Grant for Whitmore Center
The Eleanor Whitmore Early Childhood Center will be able to upgrade its heating and air-conditioning system, replace its roof and outdoor siding, finish renovations to its kitchen, and complete other capital projects thanks to a $250,000 grant from New York State.
New York State Assemblyman Fred W. Thiele Jr. formally announced the grant during a press conference at the center in East Hampton Village on Monday.
“You do an outstanding job and it’s good to be able to help,” he said to the center’s board members and administrators who had gathered for the announcement.
The grant came from the state’s community facilities program, through which legislators can request funding for local organizations they deem important and in need of support.
“There is, in my opinion, no more worthwhile project than what you’re doing here at the Eleanor Whitmore Center,” Mr. Thiele said. “I know you’ve got many things to do here, and hopefully this will help toward that.”
“We are in great need of this kind of support. We have a lot of projects that we need to take care of,” said Ruth Ann W. McSpadden, chairwoman of the board of directors. “We’re trying to work our way through a list of things that either need to be overhauled or maintained. We have a lot of long-deferred maintenance. We want to create the most wonderful, safe environment for these children.”
Eleanor Whitmore, a founder and longtime supporter of the center, remains the honorary chairwoman of its board of directors. “This grant answers our prayers,” she said Monday.

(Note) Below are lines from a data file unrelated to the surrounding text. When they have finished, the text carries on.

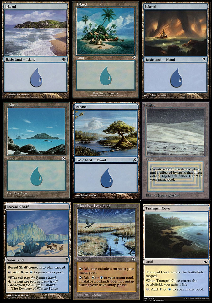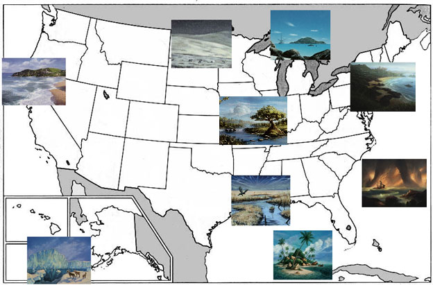 I struggled with choosing a political way to showcase nearly the entire country via land selections. There are no mountains across the counties, but there are always islands and plains from coast to coast. I tried to divide the country by region and find representative lands from Magic’s history.
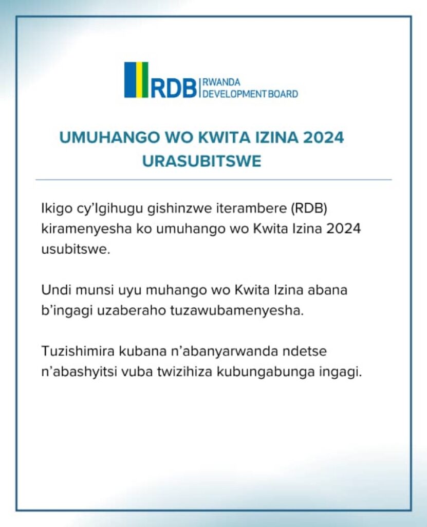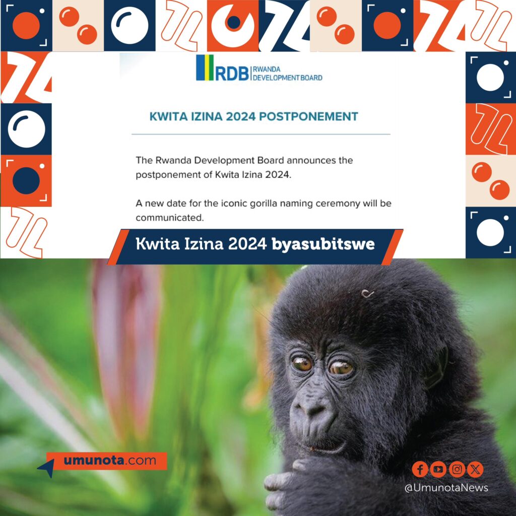 Iri tangazo rigira riti “Ikigo cy’lgihugu gishinzwe iterambere (RDB) kiramenyesha ko umuhango wo Kwita Izina 2024 usubitswe. Undi munsi uyu muhango wo Kwita Izina abana b’ingagi uzaberaho tuzawubamenyesha.”
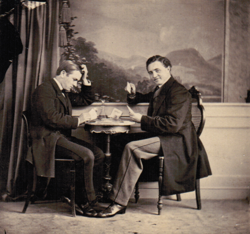 Carl, till höger, fördriver tiden i ateljén i Tyskland med kortspel tillsammans med en vän. Lägg märke till deras vackra klädsel.
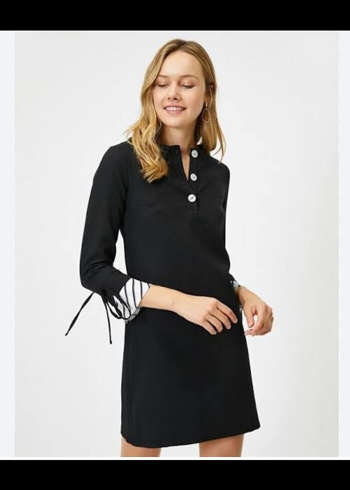 Koton uzun kollu bisiklet yaka fiyonk detaylı elbise.
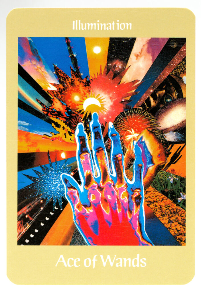 「Illumination(イルミネーション)」カードは、様々なコラージュを用いて「天からのメッセージ」と「それを受け取る手」の瞬間を描いています。このカードは「天」と「地」が触れ合う象徴的な瞬間を捉え、意識の目覚めや叡智と自分が繋がるプロセスを表現しています。インスピレーション(宇宙)と好奇心(自分の手)が触れ合う瞬間を示し、宇宙の法則や仕組みが個人の潜在意識と繋がることを象徴しています
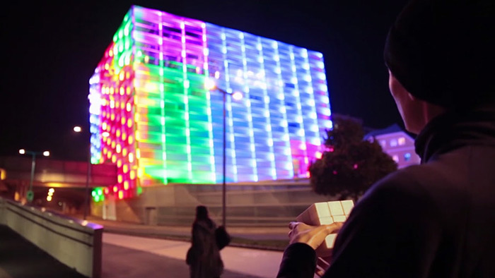 Rubikova kostka ovládá světla na fasádě budovy v Linci
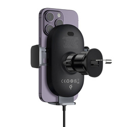 Travel safely and comfortably with the Baseus LightChaser car mount. Its sturdy design provides reliable support during any trip. The automatic clasps and adjustability guarantee easy handling and will securely hold your phone in place. The Baseus LightChaser holder will provide you with a hassle-free navigation experience, and what's more, it will allow you to inductively charge your phone!
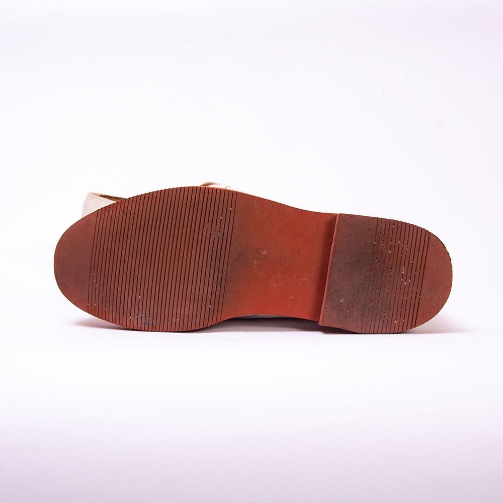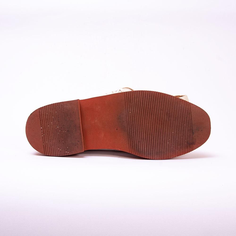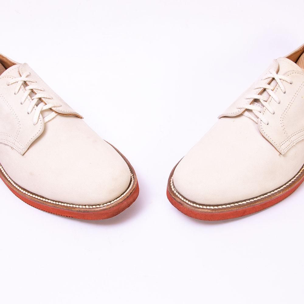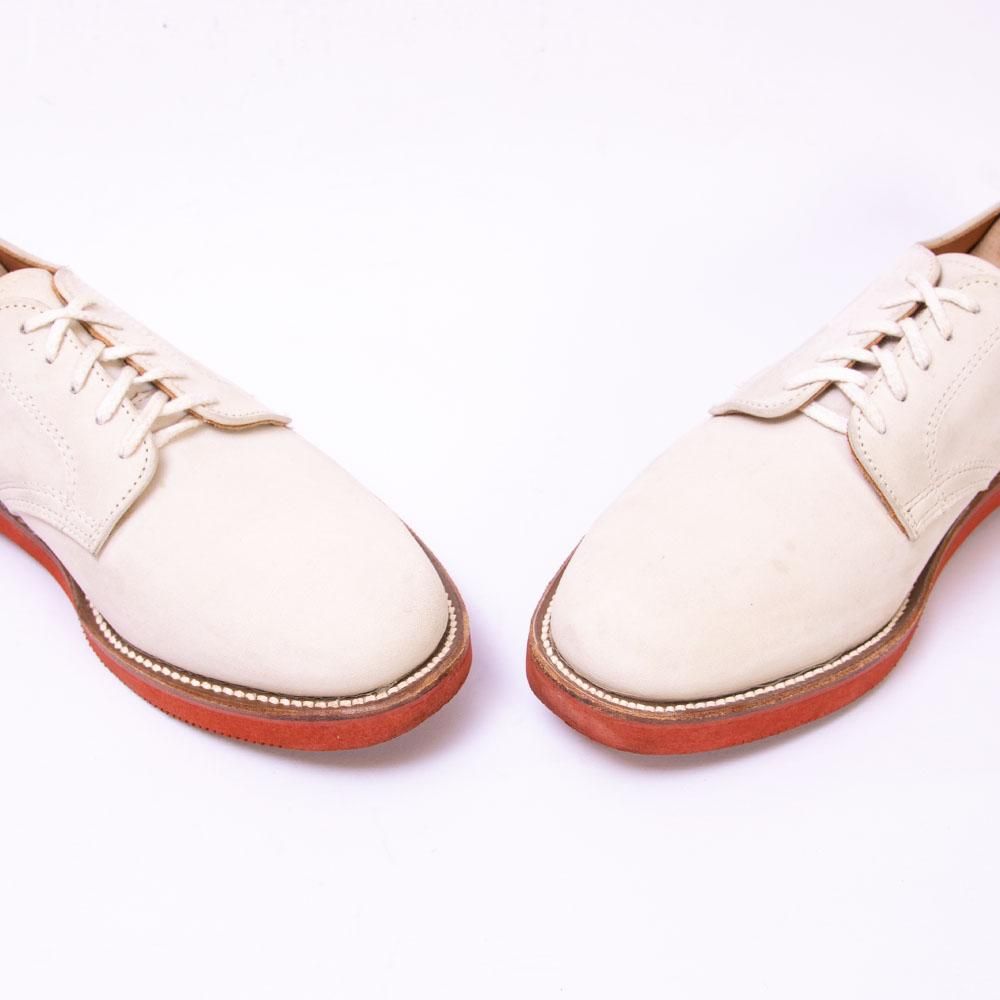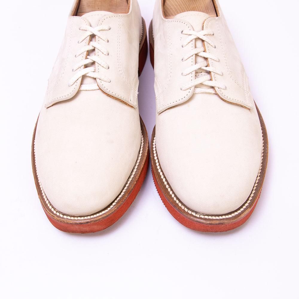 アメリカントラッドスタイルを地で行く老舗ブランドのウォークオーバー。アイコニックなレンガソールとも言われる赤土色のラバーソールとオフホワイトのバックスキンの対比が爽やかに仕上がっています。
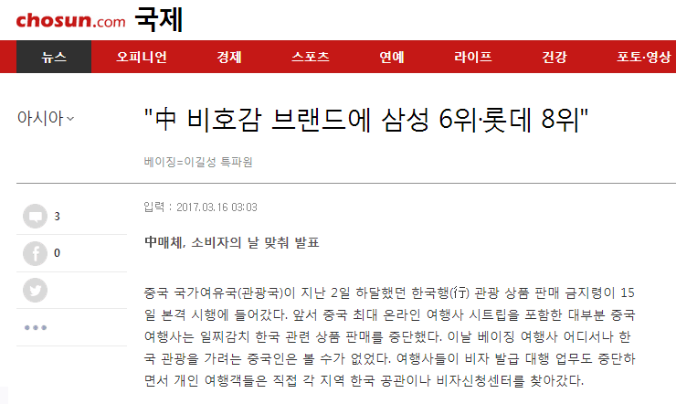 而就在《朝鮮日報》關注到本網所發起的調查報告的前一天,不顧中國堅決反對,執意部署“薩德”的韓國15日剛剛度過了“緊張不安”的一天。當天是韓媒盛傳的“中國旅游禁令正式開始生效”的日子,雖然中方并未證實有相關“禁令”,但諸如“中國游客消失了”“首爾免稅店冷冷清清”“濟州島旅游業者苦不堪言”之類的報道充斥韓國媒體,刻畫出這個國家的滿臉焦慮。3月15日還是國際消費者權益日,韓國企業擔心自己在問題產品榜單上“亮相”。

The $250,000 grant will go specifically toward capital improvements but beyond that, Maureen Wikane, the center’s executive director, said, the nonprofit needs to raise about $400,000 each year toward its $1.4 million operating budget to be financially solvent.
The Eleanor Whitmore Early Childhood Center has its roots as a day-care center and senior citizen center, beginning its programs in a house donated in 1969. Since the 1996-97 school year the center has been the provider of the East Hampton School District’s prekindergarten program, which was extended to a full day for the first time in the 2015-16 school year. East Hampton pays tuition for 54 four-year-olds to attend prekindergarten there. As of late July, there was a waiting list of about seven children; an updated figure was not available this week.
The center also runs tuition-based day- care programs for children as young as 18 months.